What's the logic of this statement? "Define $xCy$ if $x^2<y^2$, or if $x^2 = y^2$ and $x<y$."

Question

I'm reading Munkre's Topology. There is an exercise which asks us to check that the relation defined in Example 7 is an order relation. But I don't understand what's the meaning of this relation. Can someone give some explanations? Thanks! Why did he write it in this way?

Answer 1

But I don't understand what's the meaning of this relation.

$C=\{(x,y)\in\Bbb R^2: x^2<y^2 ~\lor~(x^2=y^2\land x<y)\}$

It is an order comparison that compares the squares of the values, or if they are equal, compares the values themselves.

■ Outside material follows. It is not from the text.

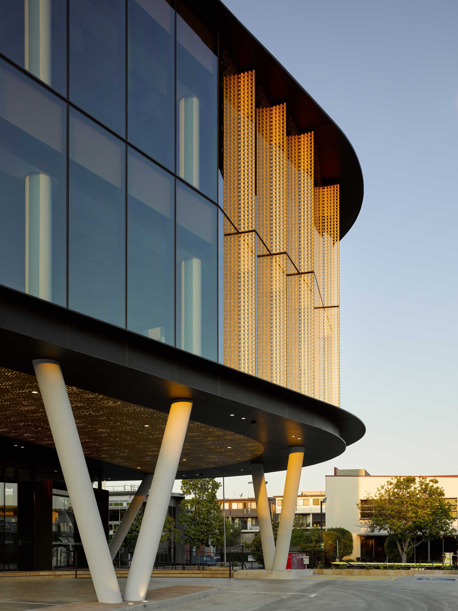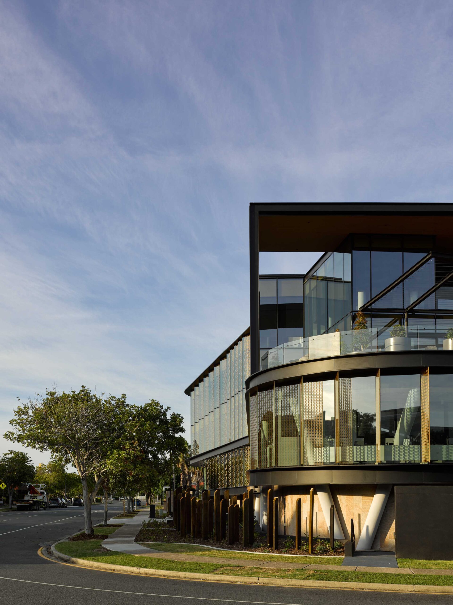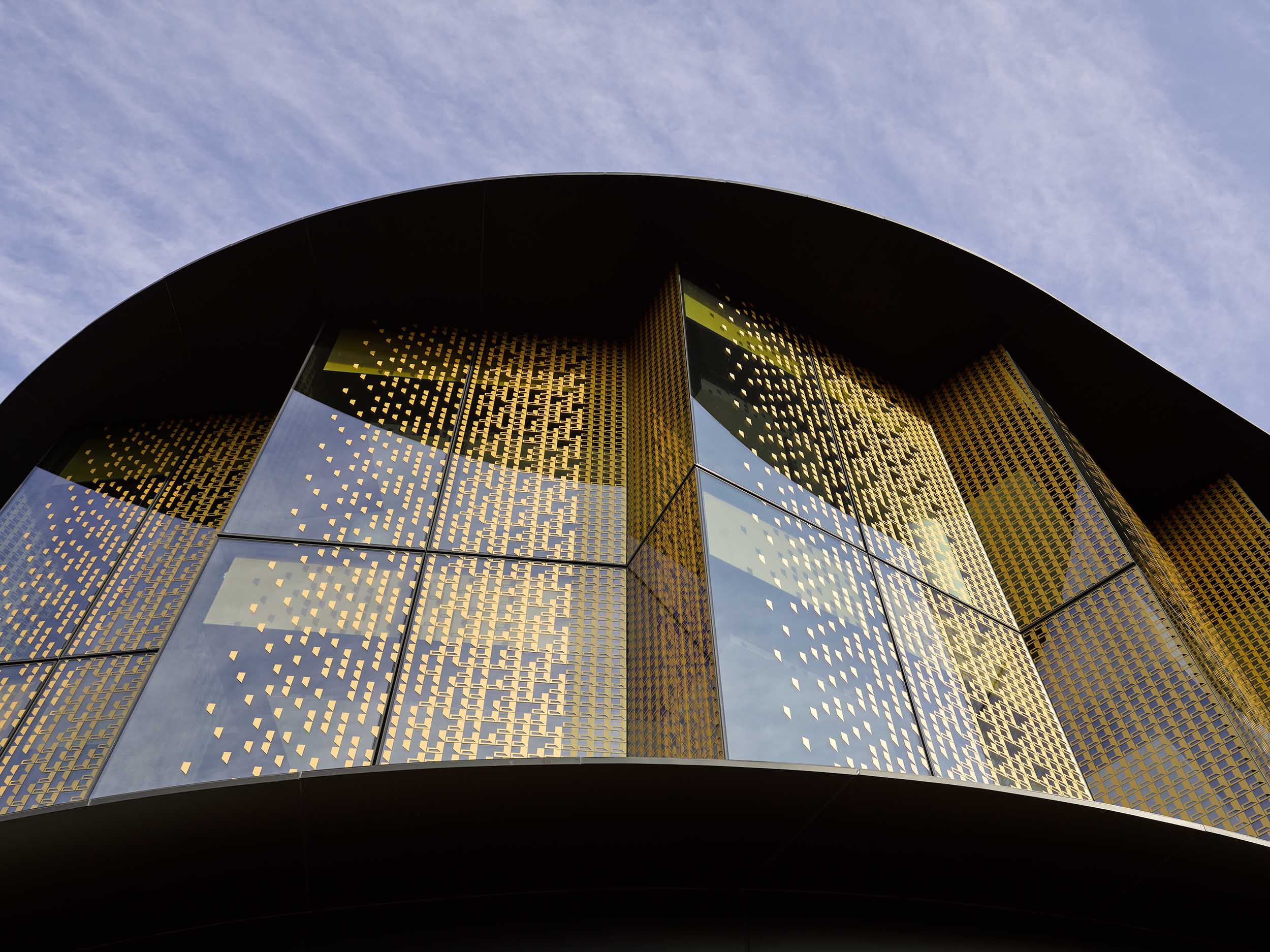 The design of this three level building is conceived to portray a jewel-like character, reflective of the building user. Its curved façade defines the arrival into a larger office park precinct, with staggered and patterned façade segments creating a bracelet effect.

(Cf: Order people by weight, or when equal use their height. )

Can someone give some explanations? Thanks! Why did he write it in this way?

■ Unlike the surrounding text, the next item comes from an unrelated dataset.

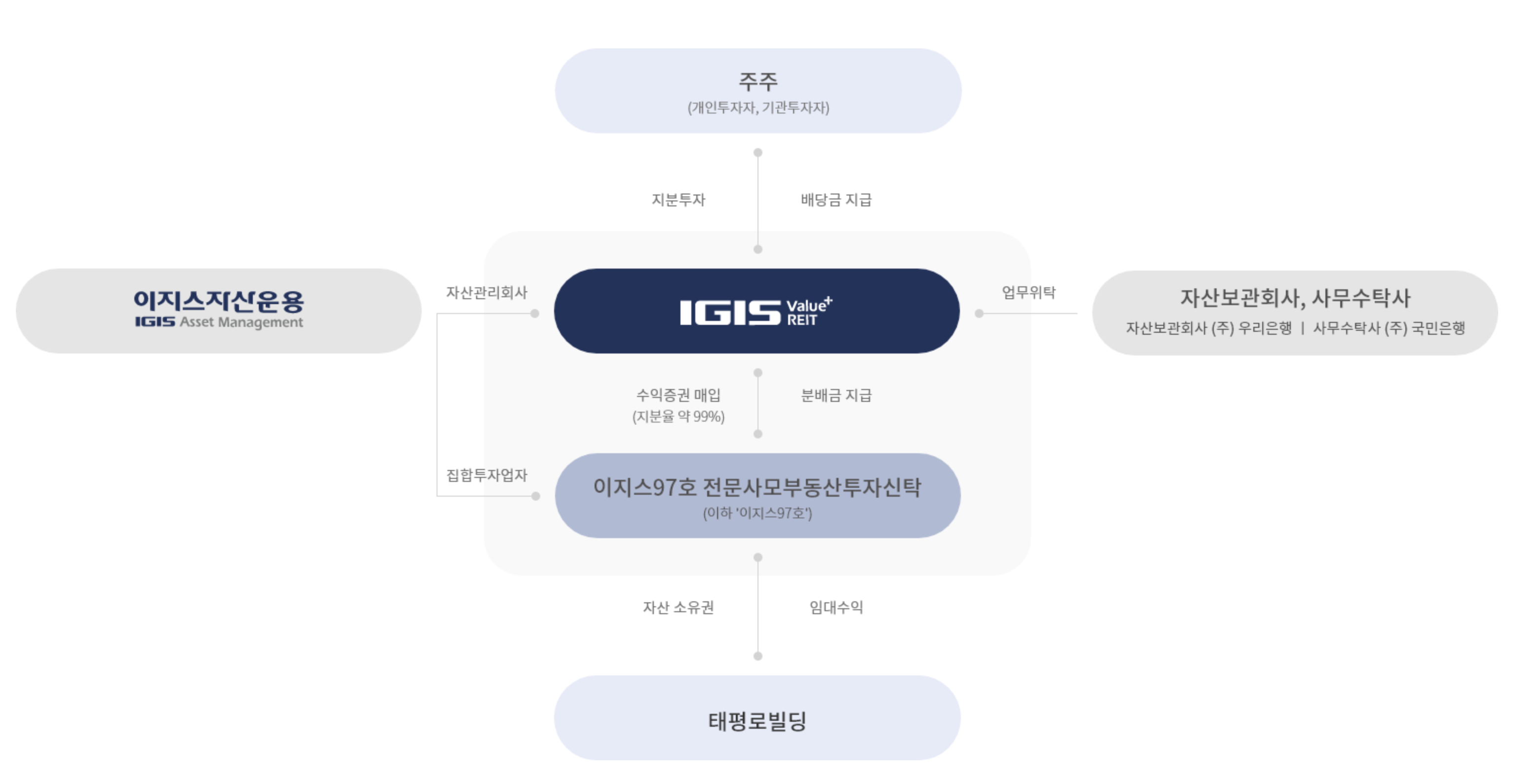 이지스밸류플러스가 공모를 통해 자기자본을 조달 후, '태평로빌딩'을 보유한 '이지스97호'의 수익증권을 매입하는 구조입니다.

It is a self evaluation to see if you comprehend the topic of order relations by using a somewhat unfamiliar relation.   Is it an order relation?   Use what you have been taught about them to find out.

Answer 2

Hint:  $\,xCy\,$ is equivalent to $\,|x| \lt |y|\,$, or if $\,|x|=|y|\,$ and $\,x \lt y\,$. In other words, $\,xCy\,$ if $\,x\,$ is closer to the origin than $\,y\,$, or in case both are at the same distance from $\,0\,$, then if $\,x\,$ is negative and $\,y\,$ is positive.